§ **DATA**:
——

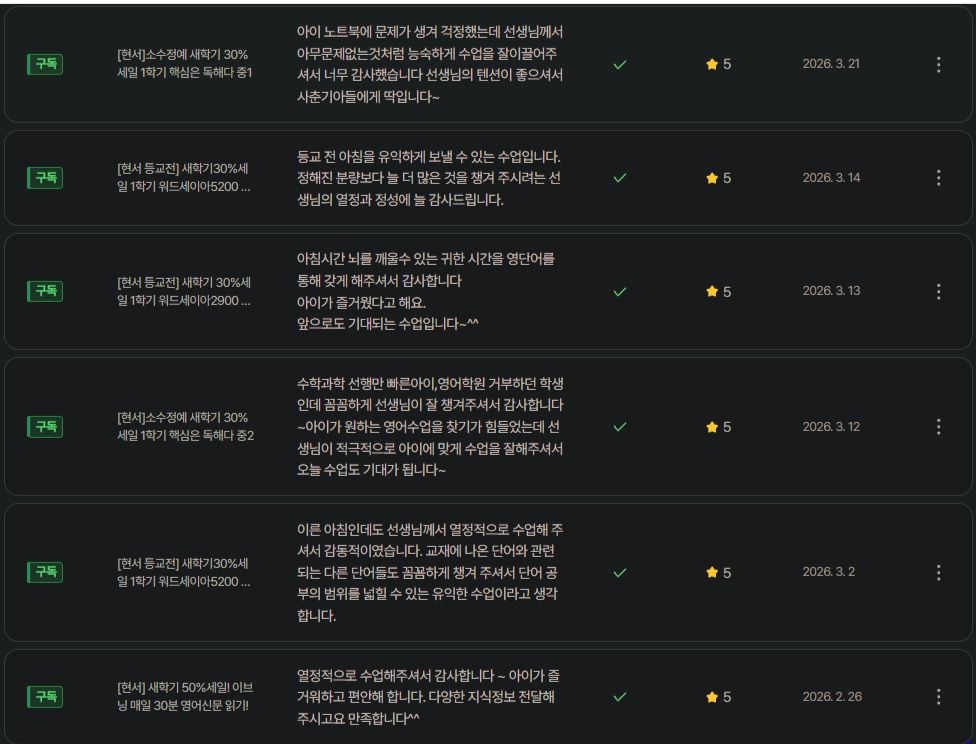 꾸그 유일 20대 중등/고등 스타 썜입니다!. 10년을 함께 할 선생님입니다!. 💬 “아이의 마음을 아는 선생님인가요?” 저는 단언합니다 👉 누구보다 학생을 먼저 생각합니다 단순히 가르치는 것이 아니라 👉 “아이 한 명의 인생 방향을 바꾼다”는 마음으로 수업합니다 🔥 저는 ‘잘했던 학생’이 아닙니다 👉 저는 지방 일반고 고3 12월, 9등급 꼴찌 이었습니다 👉 그 상태에서 ✔ 서강대학교 입학 ✔ 한국외국어대학교 합격 💡 그래서 압니다 ✔ 공부가 안 되는 이유 ✔ 어디서 무너지는지 ✔ 어떻게 다시 올라가는지 👉 꼴찌의 마음도 알고 상위권의 사고도 아는 선생님입니다 ❗ 이런 생각, 해보신 적 있으신가요? 👉 “잘해본 선생님이 우리 아이를 정말 이해할 수 있을까?” ✔ 처음부터 잘했던 사람은 👉 못해본 경험이 없습니다 ✔ 하지만 저는 👉 막힘 → 실패 → 극복 → 결과 👉 이 모든 과정을 직접 겪었습니다 💡 그래서 가능합니다 👉 “공감이 아닌, 경험 기반 지도” 👩🏫 검증된 선생님 🎓 서강대학교 유럽문화학과 ✔ 중·고등 영어 7년 이상 지도 ✔ 꾸그 중학 영어 스타 / 고등 영어 스타 ✔ 중1 ~ 고3 전 영역 (내신 + 정시) 전문 👉 꾸그 유일 고3까지 전영역 지도 👑 결과로 증명합니다 고3: 5등급 → 2등급 (6개월) 고1: 5등급 → 1등급 고3: 7등급 → 수능 3등급 중3: 42점 → 82점 (40점 상승) 중3: 70점대 → 80후반 전원 탈락 → 한양대 합격 현재 학생들 전부 성적향상. 👉 “방법이 바뀌면 성적은 반드시 올라갑니다” 🎯 제 수업의 목표는 단 하나입니다 👉 “원하는 학교에 보내는 것” 저는 대구에서 태어나 경산이라는 작은 도시에서 자랐습니다 ✔ 정보 부족 ✔ 환경의 한계 ✔ 비교 대상 부족 👉 그 상황을 누구보다 잘 압니다 그래서 더 집중합니다 👉 지금 이 아이에게 필요한 것만 정확히 가르칩니다 ⚡ 제 수업이 다른 이유 👉 저는 ✔ 꼴찌도 가르쳐봤고 ✔ 상위권도 만들어봤습니다 그래서 👉 “어디서 시작하든 끝까지 끌고 갈 수 있습니다” 💡 제가 약속드리는 것 ✔ 아이를 절대 포기하지 않습니다 ✔ 아이 수준에 맞춰 끝까지 책임집니다 ✔ 결과가 나올 때까지 방향을 잡아줍니다 👉 “수업만 하는 선생님”이 아니라 👉 “결과까지 책임지는 선생님”입니다 🚀 마지막으로 드리고 싶은 말씀 👉 성적은 재능이 아니라 👉 “방향 + 방법 + 지속”의 결과입니다
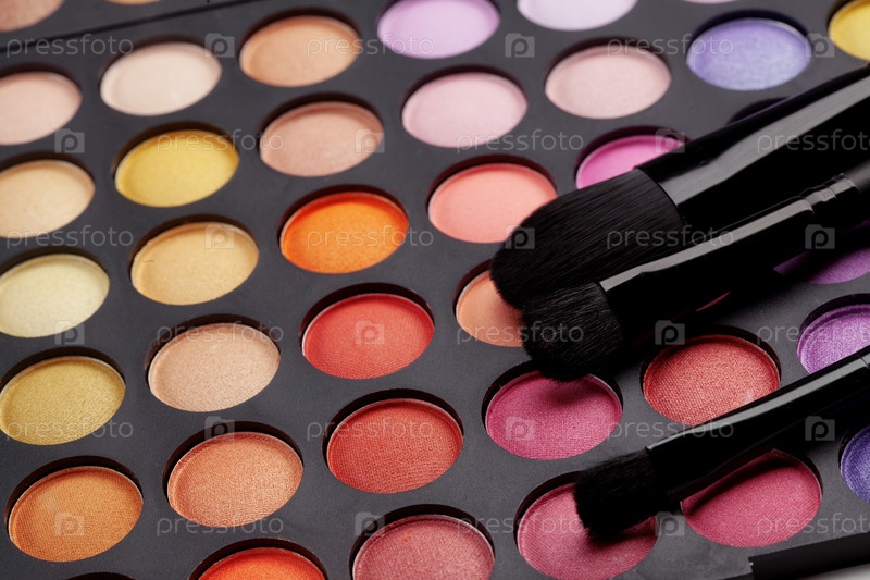 Красочная палитра для макияжа глаз и кисти крупным планом
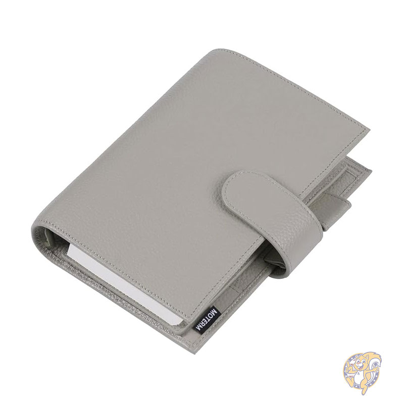 手帳 パーソナル リュクス リング プランナー 本革バインダー オーガナイザー 30mm リング ペブル グレー ルーズリーフ式手...

——

§ **YOUR GOAL**: Leave the pictures out and copy exactly the lines from the one that holds "Красочная палитра для" through the last line of the material.

§ **ANSWER FOR THIS EXERCISE**:
 Красочная палитра для макияжа глаз и кисти крупным планом
 手帳 パーソナル リュクス リング プランナー 本革バインダー オーガナイザー 30mm リング ペブル グレー ルーズリーフ式手...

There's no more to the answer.